Understanding the regional and subnational impacts of climate change will be essential to reducing the severity of humanitarian problems as they arise. Environmental impacts on health, sanitation, and nutrition intersect with socioeconomic vulnerabilities that vary significantly from neighborhood to neighborhood.
Public Health
By mapping existing public health variables associated with vulnerability to specific diseases and combining these human indicators with environmental information, Fraym can provide insight into how the changing environment impacts humans.
Challenge: Malaria’s geographic range is expected to expand with the rise in temperatures allowing mosquitos to persist in new climates.
- Sub-nationally, this could mean malaria will affect populations that previously escaped its range due to high elevation
- Internationally, this could mean malaria cases reported in entirely new countries
Solution:
- Identifying populations within malaria’s predicted range gives public health experts the opportunity to quantify and prepare for future cases
- Mapping populations highly susceptible to malaria complications helps understand the severity of its impact
- Socioeconomic, attitudinal, and data on media consumption can be used to target the messaging and delivery of mitigation strategies
Sanitation
Climate change will increase the frequency and severity of extreme water events, such as drought and flooding. Flooding, in turn, may trigger water-borne disease outbreaks in areas with vulnerable sanitation infrastructure. For example, a flood in Angolan communities where many lack access to improved water sources and a finished toilet would dramatically raise the risk of a cholera outbreak.
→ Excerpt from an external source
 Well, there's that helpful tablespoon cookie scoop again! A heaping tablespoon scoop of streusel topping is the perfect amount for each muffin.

Challenge: Increasing migration is already putting strain on cities struggling to maintain sanitation standards in growing informal settlements.
Solution: Neighborhood-level data reveals the spatial nuance of these challenges that policymakers, urban planners, and epidemiologists can leverage to understand the intersection of socioeconomic vulnerabilities and climate shock, and help them answer questions like:
- How many people live in a floodplain and what can we learn from population trends?
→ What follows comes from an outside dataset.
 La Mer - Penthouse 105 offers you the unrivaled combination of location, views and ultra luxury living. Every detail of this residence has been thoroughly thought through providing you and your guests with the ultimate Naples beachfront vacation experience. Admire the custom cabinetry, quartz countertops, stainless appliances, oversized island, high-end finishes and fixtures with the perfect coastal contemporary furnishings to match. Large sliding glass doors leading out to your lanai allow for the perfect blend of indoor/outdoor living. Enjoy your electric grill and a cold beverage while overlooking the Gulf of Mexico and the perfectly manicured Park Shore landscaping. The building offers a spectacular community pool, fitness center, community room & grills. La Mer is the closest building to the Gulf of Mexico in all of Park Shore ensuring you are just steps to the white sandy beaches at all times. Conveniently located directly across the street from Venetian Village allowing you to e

- Where are people most likely to live in crowded conditions?
- Where are neighborhoods expanding and is access to services keeping up?
- Are populations aware of sanitation best practices in the event of a flood, disease outbreak, or a collapse in the water infrastructure?
Nutrition and Security
Water scarcity will increase food insecurity.
Challenge: Environmental changes will trigger a chain of events in addition to food insecurity, that will require an understanding of nutrition gaps on already vulnerable populations, household decision-making, farmer-herder conflict, and governance.
Solution: Fraym can map where populations have been historically vulnerable and identify trends over time to inform mitigation efforts and humanitarian response in the event of acute needs.
For example:
- Where are women currently most food insecure, and how have changes in food security status driven child marriage rates in Nigeria?
- How have herding routes shifted in Benin, and what can we learn from its impact on rising conflict with farming communities?
Conclusion
Climatic change will continue to drive humanitarian challenges, both acute and gradual. Understanding the spatial nuances within and across borders will be an important tool for anticipating, preparing, and mitigating the effects on people. Fraym partners with organizations to mitigate the harmful impacts of rising global temperatures and provide hope to vulnerable communities. With localized data, we can more effectively target and assist those who are most affected and avoid the most disastrous consequences.